At the end I want to find an expression that equals a result using depth-first search that contains the result I am looking for.

As of now right now I have a working example, but the problem is that it is not efficient and leads to a problem with memory. It only works for up to 6 given numbers at the moment.

The code is as follows:

package com.company;

import com.fathzer.soft.javaluator.DoubleEvaluator;

import java.util.*;

public class PopulateAlg2 {

public static Node populateAlg2(Node node, List<Double> numbers, List<Character> operators){

    for(double number : numbers){

        for (char operator : operators){

            List<Double> _numbers = new ArrayList(numbers);

            Node child = new Node(number, operator);

            node.addChild(child);

            if(!isRootNode(node)){
                double resultWithParent = calculateNumbersAndOperator(child.getParent().getNumber(), child.getNumber(), operator);
                child.setResultWithParent(resultWithParent);
            }

            LinkedHashMap<Double, String> previousResults = node.getPreviousResults();
            LinkedHashMap<Double, String> currentResults = new LinkedHashMap<>(previousResults);

            if(previousResults.size() == 0){
                double newKey = calculateNumbersAndOperator(0, child.getNumber(), child.getOperator());

                // First expression is 0 + num, or num itself
                String newExpression = "" + child.getNumber();

                currentResults.put(newKey, newExpression);
            } else{

                // Count hashmap and don't save previous result to prevent OutOfMemoryError
                int previousResultsCounter = 0;
                int previousResultsHashmapSize = previousResults.entrySet().size();

                for (Map.Entry<Double, String> entry : previousResults.entrySet()) {

                    previousResultsCounter++;

                    if(previousResultsCounter == previousResultsHashmapSize) {
                        Double previousKey = entry.getKey();
                        String previousExpression = entry.getValue();

                        // Create permutations
                        double newKey = calculateNumbersAndOperator(previousKey, child.getNumber(), child.getOperator());
                        String newExpression = "(" + previousExpression + child.getOperator() + child.getNumber() + ")";

                        String newExpression2 = "(" + previousExpression + ")" + child.getOperator()  +  child.getNumber();
                        double newKey2 = eval(newExpression2); // Evaluate new expression

                        // Add new permutations
                        currentResults.put(newKey, newExpression);
                        currentResults.put(newKey2, newExpression2);
                    }
                }
            }

            child.setPreviousResults(currentResults);

            _numbers.remove(number);

            populateAlg2(child, _numbers, operators);
        }
    }

    return node;

}

private static boolean isRootNode(Node node){
    return node.getOperator() == ' ' && node.getNumber() == 0.0;
}

public static double eval(String expression) {
    DoubleEvaluator eval = new DoubleEvaluator();
    Double result = 0.0;

    try {
        result = eval.evaluate(expression);
    } catch (IllegalArgumentException e){
        e.printStackTrace();
    }

    return result;
}

private static double calculateNumbersAndOperator(double num1, double num2, char operator){

    double result = 0;

    if(operator == '+') {
        result = num1 + num2;
    } else if (operator == '-') {
        result = num1 - num2;
    } else if (operator == '*') {
        result = num1 * num2;
    } else if (operator == '/') {
        result = num1 / num2;
    }

    return result;

}

}

This builds a tree with every permutation possible but it contains a lot of duplicates.
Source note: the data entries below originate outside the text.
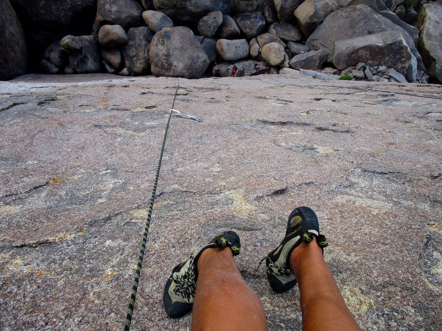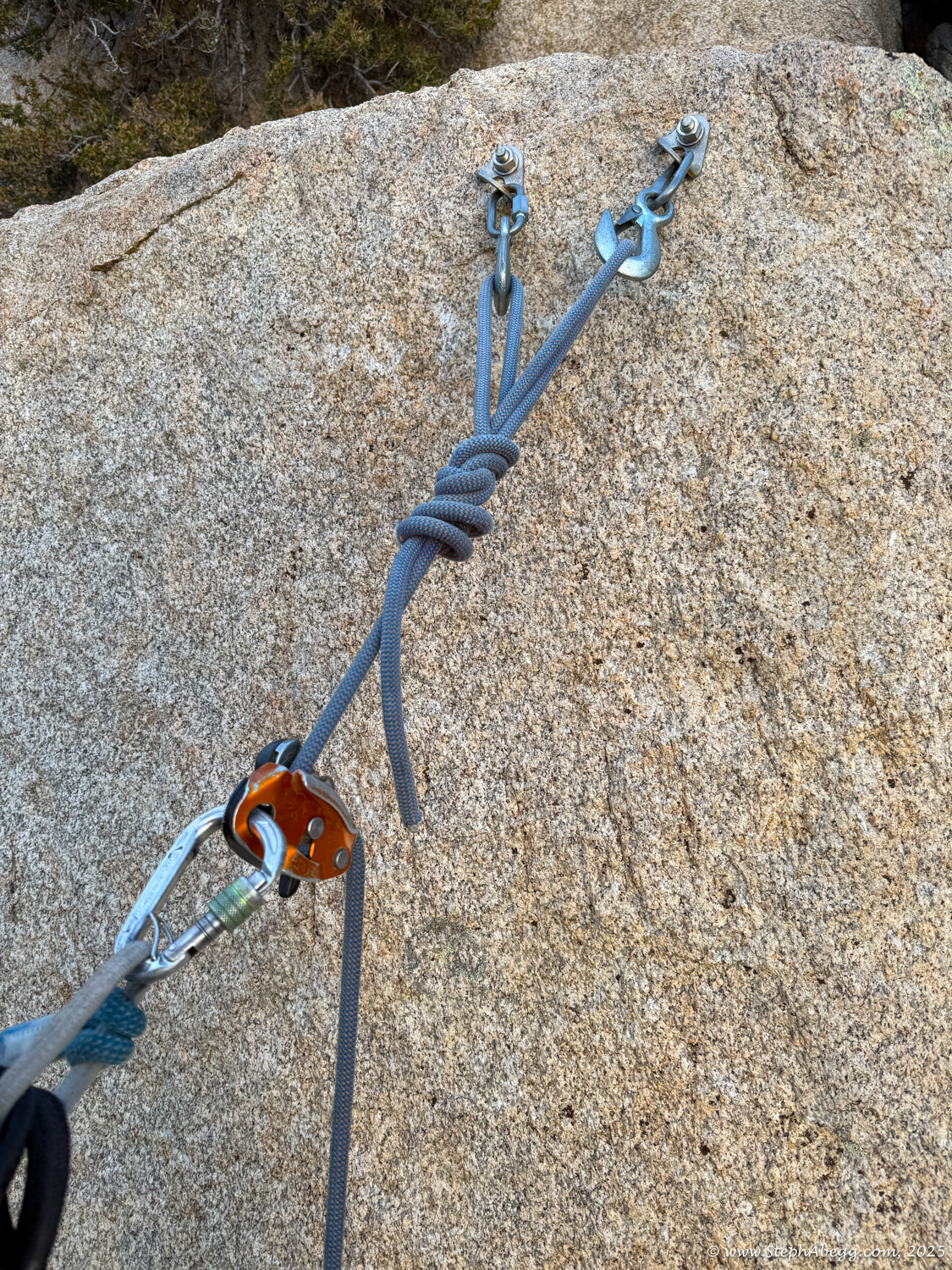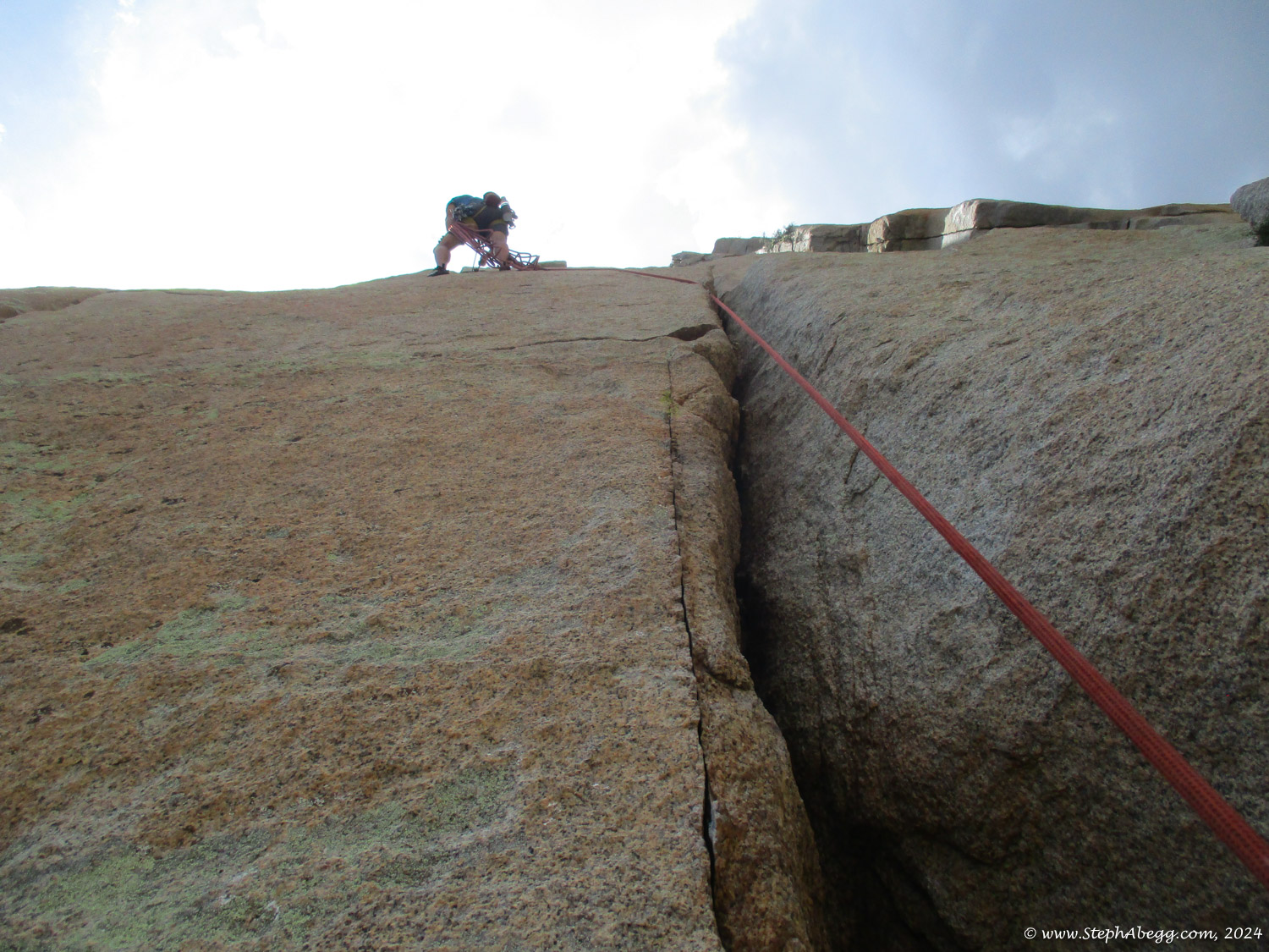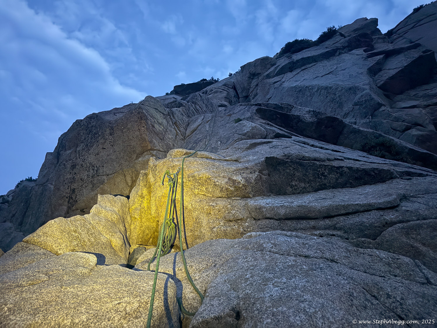 On the first day (August 24), I was meeting Brett for a pre-storm morning of cragging in Pine Creek. I’d heard about a 10-pitch route with fixed ropes—perfect for toprope soloing—called
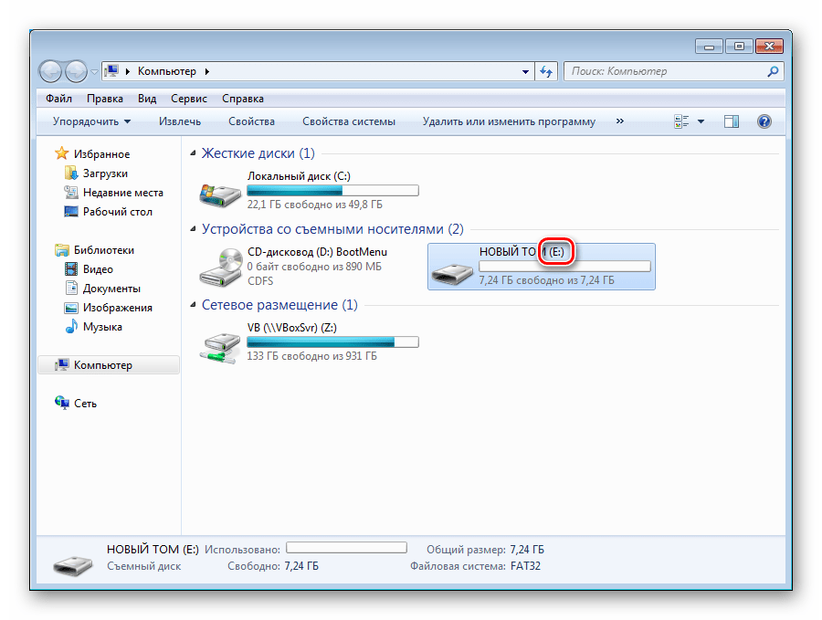 - Вставьте накопитель в USB-разъем, дождитесь, пока он определится оснасткой «Компьютер», и запомните присвоенную букву.
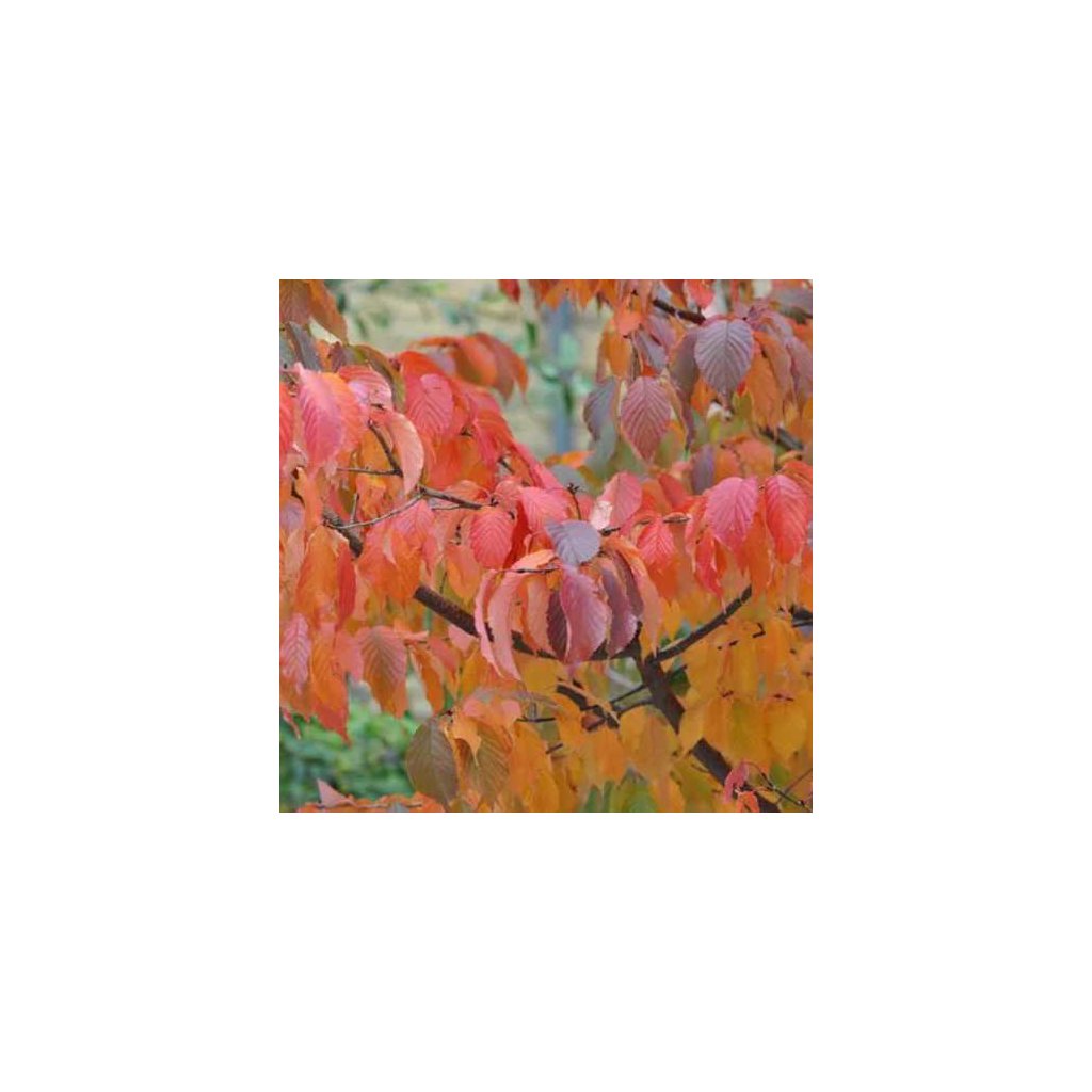 Listy se na podzim nádherně barví do oranžových a červených barev. Kvete bílými květy.

For example, the nodes under the root node contains every number in combination with an operator, but there are also duplicates like:

1+2+3... 
3+2+1... 
2+1+3...

I'm using the following Node class:

public class Node{
private List<Node> children = new ArrayList<>();
private Node parent = null;
private LinkedHashMap<Double, String> previousResults = new LinkedHashMap<>();

private double number;
private char operator;
private double resultWithParent;

public Node(double number, char operator) {
    this.number = number;
    this.operator = operator;
}

public void addChild(Node child) {
    child.setParent(this);
    this.children.add(child);
}

public boolean isRootNode(){
    return (parent == null);
}

public List<Node> getChildren() {
    return children;
}

public double getNumber() {
    return number;
}

public void setNumber(double number) {
    this.number = number;
}

private void setParent(Node parent) {
    this.parent = parent;
}

public Node getParent() {
    return parent;
}

public char getOperator() {
    return operator;
}

public void setOperator(char operator) {
    this.operator = operator;
}

public double getResultWithParent() {
    return resultWithParent;
}

public void setResultWithParent(double resultWithParent) {
    this.resultWithParent = resultWithParent;
}

public LinkedHashMap<Double, String> getPreviousResults() {
    return previousResults;
}

public void setPreviousResults(LinkedHashMap<Double, String> previousResults) {
    this.previousResults = previousResults;
}
}

After doing depth-first search with a different set of numbers and wanting to find the result of 728, the result is as follows:

(((((75.0)*5.0)-6.0)/25.0)*50.0)-10.0=728.0

So it works but I feel like there is a better way to build the tree in the first place, thank you for reading.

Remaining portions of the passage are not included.